Problem requirements: Give back, exactly and with nothing else, the lines running from the one that contains "喻奉天教授毕业于美国密西根大" to the end of the entries below; do not include pictures.

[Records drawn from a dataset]
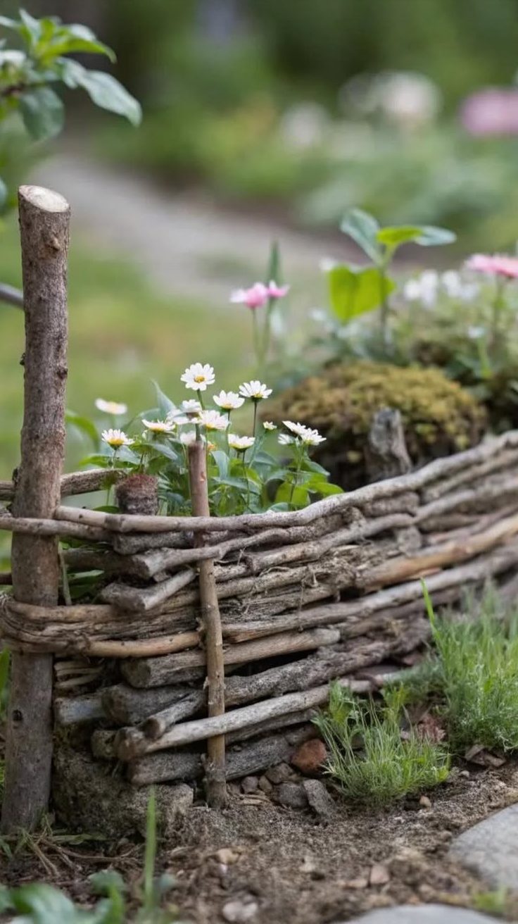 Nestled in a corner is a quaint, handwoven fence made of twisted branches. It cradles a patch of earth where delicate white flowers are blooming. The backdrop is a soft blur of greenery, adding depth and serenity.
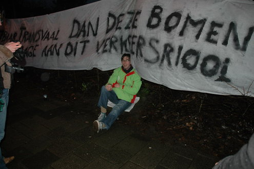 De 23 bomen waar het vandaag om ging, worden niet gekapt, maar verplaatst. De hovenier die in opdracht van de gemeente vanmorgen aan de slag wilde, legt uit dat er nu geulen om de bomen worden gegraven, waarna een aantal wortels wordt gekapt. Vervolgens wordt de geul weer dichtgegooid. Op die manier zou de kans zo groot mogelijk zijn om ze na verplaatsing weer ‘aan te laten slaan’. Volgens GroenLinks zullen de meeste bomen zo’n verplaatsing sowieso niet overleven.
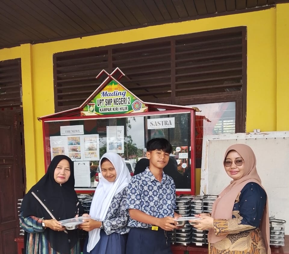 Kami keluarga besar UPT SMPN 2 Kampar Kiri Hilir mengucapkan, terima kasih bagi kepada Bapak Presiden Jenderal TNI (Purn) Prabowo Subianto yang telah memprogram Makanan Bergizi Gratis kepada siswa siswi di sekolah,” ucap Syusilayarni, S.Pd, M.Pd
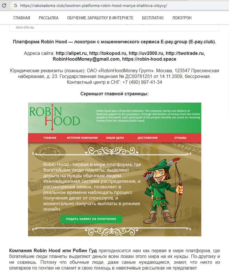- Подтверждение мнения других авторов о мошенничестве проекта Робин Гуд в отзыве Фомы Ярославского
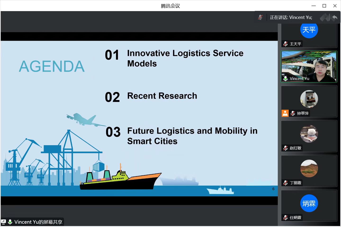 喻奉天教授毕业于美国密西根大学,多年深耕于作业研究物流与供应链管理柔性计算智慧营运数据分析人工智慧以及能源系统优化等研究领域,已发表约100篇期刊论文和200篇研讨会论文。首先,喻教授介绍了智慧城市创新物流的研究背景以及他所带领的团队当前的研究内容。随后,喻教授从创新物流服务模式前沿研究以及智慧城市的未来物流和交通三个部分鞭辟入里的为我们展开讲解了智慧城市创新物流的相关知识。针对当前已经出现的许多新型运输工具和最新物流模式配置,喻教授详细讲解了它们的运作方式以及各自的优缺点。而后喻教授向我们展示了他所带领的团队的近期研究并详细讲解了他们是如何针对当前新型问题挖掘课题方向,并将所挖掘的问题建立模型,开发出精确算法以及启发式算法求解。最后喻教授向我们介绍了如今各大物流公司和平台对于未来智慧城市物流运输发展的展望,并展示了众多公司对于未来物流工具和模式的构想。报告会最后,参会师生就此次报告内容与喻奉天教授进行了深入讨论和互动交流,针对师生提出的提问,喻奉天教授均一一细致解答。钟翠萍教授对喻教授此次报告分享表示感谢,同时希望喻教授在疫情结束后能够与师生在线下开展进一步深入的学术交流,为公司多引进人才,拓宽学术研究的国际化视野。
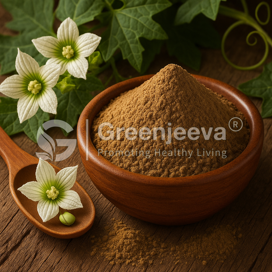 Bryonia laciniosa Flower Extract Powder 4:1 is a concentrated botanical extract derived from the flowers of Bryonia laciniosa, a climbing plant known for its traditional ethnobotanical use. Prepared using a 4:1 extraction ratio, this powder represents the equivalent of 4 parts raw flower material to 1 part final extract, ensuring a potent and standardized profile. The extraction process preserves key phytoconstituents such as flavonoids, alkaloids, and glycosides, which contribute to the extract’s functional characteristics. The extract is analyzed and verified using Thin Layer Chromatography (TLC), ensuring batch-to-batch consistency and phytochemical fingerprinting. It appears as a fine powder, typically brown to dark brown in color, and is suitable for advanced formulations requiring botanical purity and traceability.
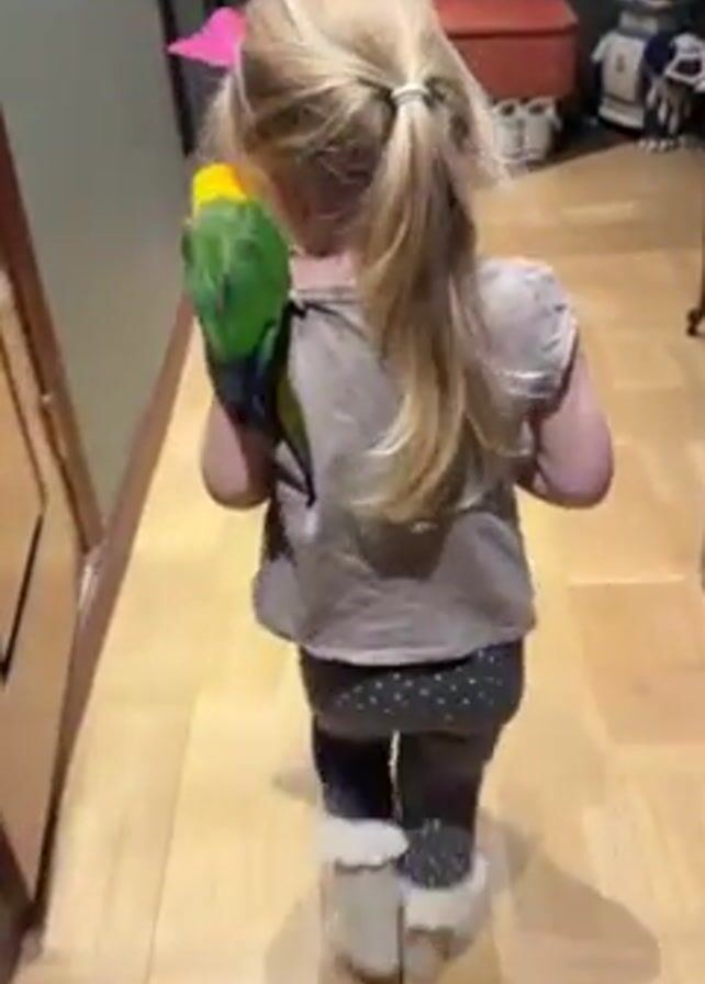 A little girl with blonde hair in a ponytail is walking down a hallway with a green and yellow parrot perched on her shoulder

Task answer:
 喻奉天教授毕业于美国密西根大学,多年深耕于作业研究物流与供应链管理柔性计算智慧营运数据分析人工智慧以及能源系统优化等研究领域,已发表约100篇期刊论文和200篇研讨会论文。首先,喻教授介绍了智慧城市创新物流的研究背景以及他所带领的团队当前的研究内容。随后,喻教授从创新物流服务模式前沿研究以及智慧城市的未来物流和交通三个部分鞭辟入里的为我们展开讲解了智慧城市创新物流的相关知识。针对当前已经出现的许多新型运输工具和最新物流模式配置,喻教授详细讲解了它们的运作方式以及各自的优缺点。而后喻教授向我们展示了他所带领的团队的近期研究并详细讲解了他们是如何针对当前新型问题挖掘课题方向,并将所挖掘的问题建立模型,开发出精确算法以及启发式算法求解。最后喻教授向我们介绍了如今各大物流公司和平台对于未来智慧城市物流运输发展的展望,并展示了众多公司对于未来物流工具和模式的构想。报告会最后,参会师生就此次报告内容与喻奉天教授进行了深入讨论和互动交流,针对师生提出的提问,喻奉天教授均一一细致解答。钟翠萍教授对喻教授此次报告分享表示感谢,同时希望喻教授在疫情结束后能够与师生在线下开展进一步深入的学术交流,为公司多引进人才,拓宽学术研究的国际化视野。
 Bryonia laciniosa Flower Extract Powder 4:1 is a concentrated botanical extract derived from the flowers of Bryonia laciniosa, a climbing plant known for its traditional ethnobotanical use. Prepared using a 4:1 extraction ratio, this powder represents the equivalent of 4 parts raw flower material to 1 part final extract, ensuring a potent and standardized profile. The extraction process preserves key phytoconstituents such as flavonoids, alkaloids, and glycosides, which contribute to the extract’s functional characteristics. The extract is analyzed and verified using Thin Layer Chromatography (TLC), ensuring batch-to-batch consistency and phytochemical fingerprinting. It appears as a fine powder, typically brown to dark brown in color, and is suitable for advanced formulations requiring botanical purity and traceability.
 A little girl with blonde hair in a ponytail is walking down a hallway with a green and yellow parrot perched on her shoulder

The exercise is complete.